Which expression is equal to
(6x^3+10x^2-4x+10)/(3x-1)?
1.) 2x^2+4x+10+(10/3x-1)
2.) 2x^2+4x+(10/3x-1)
3.) (2x^2)+(8/3x)-(20/9)+(110/27x-9)
4.) 2x^2-4x-10+(10/3x-1)
Ignoring the rather casual use of parentheses, a little long division reveals the answer is (2)
To find the expression that is equal to (6x^3+10x^2-4x+10)/(3x-1), we need to perform polynomial division.
Let's go through the steps:
Step 1: Write the division problem in long division format:
_____________________
3x - 1 | 6x^3 + 10x^2 - 4x + 10
Step 2: Divide the first term of the dividend (6x^3) by the first term of the divisor (3x). The result is 2x^2.

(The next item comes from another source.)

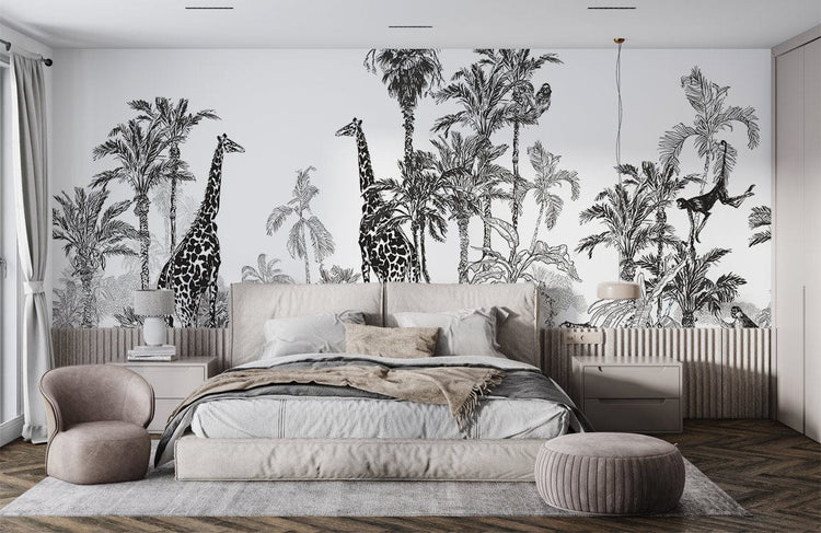 Peinture murale aventure jungle exotique safari avec girafes et palmiers en noir et blanc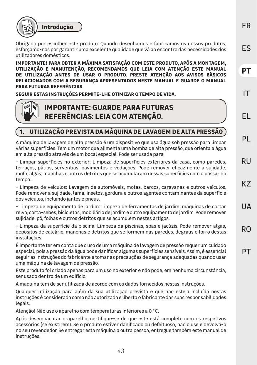 FN IMPORTANT - À CONSERVER POUR TOUTE REFERENCE ULTÉRIEURE : VEUILLEZ LIRE ATTENTIVEMENT QG. UTILISATION PRÉVUE DU NETTOYEUR HAUTE PRESSION )

Step 3: Multiply the entire divisor (3x - 1) by the quotient from Step 2 (2x^2) and write the result below the dividend, aligned under the like terms:
2x^2(3x - 1) = 6x^3 - 2x^2
Step 4: Subtract the result from Step 3 from the original dividend:
6x^3 + 10x^2 - 4x + 10
- (6x^3 - 2x^2)
_____________________
12x^2 - 4x + 10
Step 5: Bring down the next term (10) and repeat the process.
Step 6: Divide the first term (12x^2) by the first term of the divisor (3x). The result is 4x.
Step 7: Multiply the entire divisor (3x - 1) by the quotient from Step 6 (4x) and write the result below the previous result:
4x(3x - 1) = 12x^2 - 4x
Step 8: Subtract the result from Step 7 from the previous result:
12x^2 - 4x + 10
- (12x^2 - 4x)
___________________
10
Step 9: There are no more terms to bring down. The remainder is 10.
Finally, the expression (6x^3+10x^2-4x+10)/(3x-1) can be expressed as:
2x^2 + 4x + 10 + 10/(3x - 1)
Therefore, the correct answer is option 1.) 2x^2 + 4x + 10 + 10/(3x - 1).